Hi all, I have an array of length N, and I'd like to divide it as best as possible between 'size' processors. N/size has a remainder, e.g. 1000 array elements divided by 7 processes, or 14 processes by 3 processes.
I'm aware of at least a couple of ways of work sharing in MPI, such as:
for (i=rank; i<N;i+=size){ a[i] = DO_SOME_WORK }
However, this does not divide the array into contiguous chunks, which I'd like to do as I believe is faster for IO reasons.

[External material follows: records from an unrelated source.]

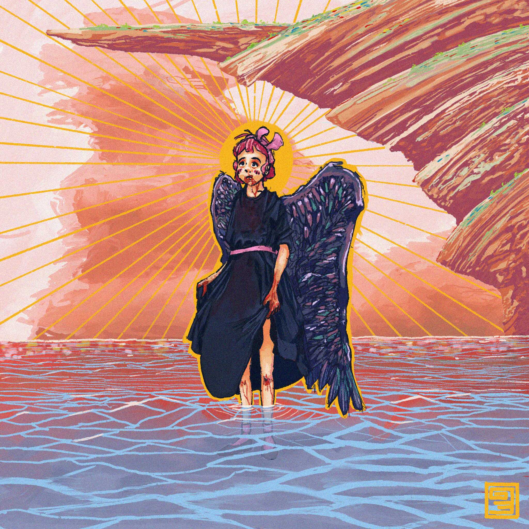 Uloah, pictured here, is one of the most recent goddesses to be tricked into committing bloodfit. She was unwittingly fed her own pet peacock, and ended up in the salt lakes of the in-between realm. Any god trying to eat for the first time is a messy affair. After a day of desperate tears and despair as she wandered aimlessly, she came across two beautiful goddesses about her age in Palace clothes. They took her to a village with homes made of long grass populated entirely by her kin. A life of pressures and treachery in the Palace was replaced with the simple pleasures of quiet agriculture and play.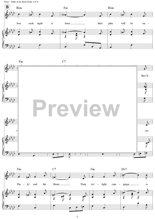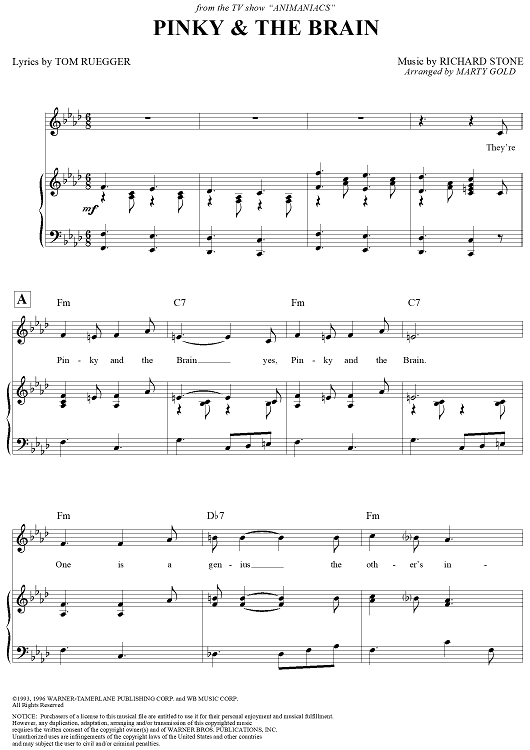 Digital Sheet Music for Pinky & the Brain by Marty Gold, Richard Stone, Tom Ruegger scored for Piano/Vocal/Chords; id:119967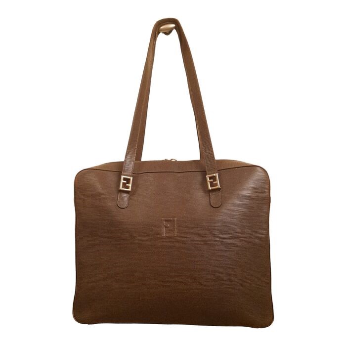 Vintage Fendi draagtas uit eind jaren 80/begin jaren 90 (draagt de vroegere naam van modehuis Fendi SaS). In leer en gecoat canvas, gevlekt tabakskleur gespikkeld met zwart.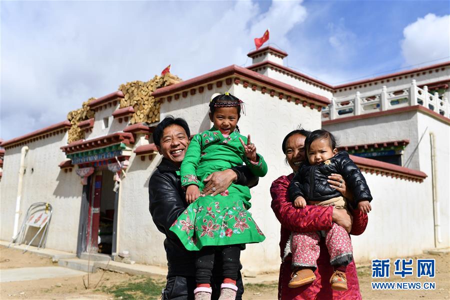 在拉薩市堆龍德慶區(qū)古榮鄉(xiāng)榮瑪高海拔生態(tài)搬遷點(diǎn),尼加(左一)和家人在家門(mén)前合影(4月2日攝)。

Another one I'm aware of is:
int count = N / size;
int start = rank * count;
int stop = start + count;
// now perform the loop
int nloops = 0;
for (int i=start; i<stop; ++i)
{
a[i] = DO_SOME_WORK;
}
However, with this method, for my first example we get 1000/7 = 142 = count. And so the last rank starts at 852 and ends at 994. The last 6 lines are ignored.
Would be best solution to append something like this to the previous code?
int remainder = N%size;
int start = N-remainder;
if (rank == 0){
for (i=start;i<N;i++){
a[i] = DO_SOME_WORK;
}
This seems messy, and if its the best solution I'm surprised I haven't seen it elsewhere.
Thanks for any help!